"We're From The Government, And We're Here To Give You Diabetes"
Wowee moment, reading a piece in JAMA -- the New England Journal of Medicine -- "The 2015 US Dietary Guidelines: Lifting the Ban on Total Dietary Fat."
It's about the "Dietary Guidelines for Americans," released every five years by the US Department of Agriculture and the Department of Health and Human Services.
For decades, based on distortions by Ancel Keys and others that were put forward as science, the government has been telling Americans to eat a high-carb, lowfat diet -- precisely the diet that causes the insulin secretion that puts on fat. It is also a diet absent of healthy fats and nutrients you need for proper brain and body function, and to protect you against disease.
Well, the authors of this JAMA article, Dariush Mozaffarian, MD, DrPH, and David S. Ludwig, MD, Ph.D., marvel at the difference in recommendations in the 2015 report, which the secretaries of Ag and DHHS will consider in the coming months:
In the new DGAC report, one widely noticed revision was the elimination of dietary cholesterol as a "nutrient of concern." This surprised the public, but is concordant with more recent scientific evidence reporting no appreciable relationship between dietary cholesterol and serum cholesterol1 or clinical cardiovascular events in general populations.2A less noticed, but more important, change was the absence of an upper limit on total fat consumption. The DGAC report neither listed total fat as a nutrient of concern nor proposed restricting its consumption. Rather, it concluded, "Reducing total fat (replacing total fat with overall carbohydrates) does not lower CVD [cardiovascular disease] risk.... Dietary advice should put the emphasis on optimizing types of dietary fat and not reducing total fat." Limiting total fat was also not recommended for obesity prevention; instead, the focus was placed on healthful food-based diet patterns that include more vegetables, fruits, whole grains, seafood, legumes, and dairy products and include less meats, sugar-sweetened foods and drinks, and refined grains.

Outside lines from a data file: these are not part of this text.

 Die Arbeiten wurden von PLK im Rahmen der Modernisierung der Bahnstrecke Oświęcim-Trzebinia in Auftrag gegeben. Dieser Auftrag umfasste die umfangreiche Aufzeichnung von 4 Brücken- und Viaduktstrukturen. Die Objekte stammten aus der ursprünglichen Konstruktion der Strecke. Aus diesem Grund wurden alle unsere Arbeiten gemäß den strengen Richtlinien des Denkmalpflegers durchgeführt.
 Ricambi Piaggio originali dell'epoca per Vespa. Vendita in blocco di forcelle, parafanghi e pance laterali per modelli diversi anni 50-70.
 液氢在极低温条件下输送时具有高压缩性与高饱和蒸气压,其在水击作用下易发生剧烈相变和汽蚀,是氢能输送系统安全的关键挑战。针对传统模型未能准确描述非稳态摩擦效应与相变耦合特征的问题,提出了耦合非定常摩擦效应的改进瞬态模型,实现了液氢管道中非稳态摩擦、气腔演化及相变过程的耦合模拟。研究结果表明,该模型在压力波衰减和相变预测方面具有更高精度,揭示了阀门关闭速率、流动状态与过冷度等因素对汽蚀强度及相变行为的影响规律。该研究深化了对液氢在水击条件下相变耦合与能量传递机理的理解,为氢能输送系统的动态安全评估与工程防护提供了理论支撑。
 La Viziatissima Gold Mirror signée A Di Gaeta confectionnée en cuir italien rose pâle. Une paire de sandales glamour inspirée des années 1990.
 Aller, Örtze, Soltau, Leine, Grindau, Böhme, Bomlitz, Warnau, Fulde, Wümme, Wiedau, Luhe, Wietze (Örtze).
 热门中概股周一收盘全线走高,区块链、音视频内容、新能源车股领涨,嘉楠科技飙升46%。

With these quiet statements, the DGAC report reversed nearly 4 decades of nutrition policy that placed priority on reducing total fat consumption throughout the population. In 1980, the Dietary Guidelines recommended limiting dietary fat to less than 30% of calories. This recommendation was revised in 2005, to include a range from 20% to 35% of calories. The primary rationale for limiting total fat was to lower saturated fat and dietary cholesterol, which were thought to increase cardiovascular risk by raising low-density lipoprotein cholesterol blood concentrations. But the campaign against saturated fat quickly generalized to include all dietary fat. Because fat contains about twice the calories per gram as carbohydrate or protein, it was also reasoned that low-fat diets would help prevent obesity, a growing public health concern.
The complex lipid and lipoprotein effects of saturated fat are now recognized, including evidence for beneficial effects on high-density lipoprotein cholesterol and triglycerides and minimal effects on apolipoprotein B when compared with carbohydrate.3 These complexities explain why substitution of saturated fat with carbohydrate does not lower cardiovascular risk.1,2 Moreover, a global limit on total fat inevitably lowers intake of unsaturated fats, among which nuts, vegetable oils, and fish are particularly healthful.1,2 Most importantly, the policy focus on fat reduction did not account for the harms of highly processed carbohydrate (eg, refined grains, potato products, and added sugar)--consumption of which is inversely related to that of dietary fat.
...The limit on total fat presents an obstacle to sensible change, promoting harmful low-fat foods, undermining attempts to limit intakes of refined starch and added sugar, and discouraging the restaurant and food industry from providing products higher in healthful fats. It is time for the US Department of Agriculture and Department of Health and Human Services to develop the proper signage, public health messages, and other educational efforts to help people understand that limiting total fat does not produce any meaningful health benefits and that increasing healthful fats, including more than 35% of calories , has documented health benefits. Based on the strengths of accumulated new scientific evidence and consistent with the new DGAC report, a restructuring of national nutritional policy is warranted to move away from total fat reduction and toward healthy food choices, including those higher in healthful fats.
I think I'll go eat a celebratory rasher of bacon!
via @DrEades
So Crisco is good for us after all... time to go fry some chicken!
Cousin Dave at June 30, 2015 7:33 AM
Crisco is not just bad fat, it's terrible fat!
Eat lard! It does a body good!
Amy Alkon at June 30, 2015 8:47 AM
Is Crisco even food? Someone once told me that you can put an open can of it out, and not even flies will eat it.
I haven't tried, though.
ahw at June 30, 2015 11:36 AM
Frisco probably isn't food, but you do need it for things like pie crust that need to be fluffy. Don't know if lard will do the trick.
Allison at June 30, 2015 2:01 PM
I just picked up 1.5 pounds of bacon at the store. Hopefully, that will last me a few days.
Dwatney at June 30, 2015 5:31 PM
Allison, you can substitute with palm oil or coconut oil in place of Crisco. Palm oil gives the most similar result in my experience.